O pranto é mudado em dança, expressão de alegria em vários episódios da Bíblia (Êx 15.19-21; II Sm 6.12-15). A doença e a pressão dos inimigos o prostram em um estado de constante lamento. Mas, pela ação do SENHOR, o saco amarrado com uma corda é substituído por uma veste festiva. E o salmista ratifica um aspecto da lição aprendida: o propósito da salvação é a exaltação do nome do SENHOR, incluindo o louvor a Deus, a proclamação da sua graça (não se cale, v. 12) e a gratidão contínua (darei graças, v. 12). O louvor expressa-se na efervescência da dança, mas também tem profundidade (parte do coração, v. 12) e persistência (para sempre, v. 12).

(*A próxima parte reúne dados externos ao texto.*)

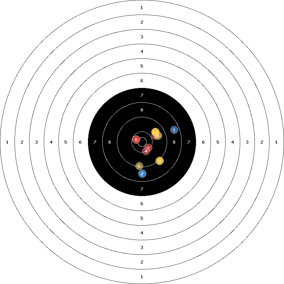hit position: 3.42 mm right, 2.24 mm low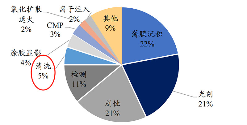 半导体清洗设备,在全球半导体设备中市场占比约为5%。

Para pensar – “Somente quem te abandona pode perder-te. Mas para onde irá ao abandonar-te? Para onde fugirá, senão para longe de tua bondade e para perto da tua ira?” Santo Agostinho (354-430).

Para orar – “Sempre estavas presente em tua severa misericórdia, entremeando de amargos desgostos os meus prazeres ilícitos, a fim de que eu aprendesse a procurar a alegria sem ofender-te. Se eu tivesse encontrado, só teria encontrado a ti, Senhor, que nos dás a dor como preceito, que feres para curar e nos tiras a vida para não morrermos longe de ti.” Santo Agostinho (354-430).Para guardar – Segurança própria X Segurança em Deus.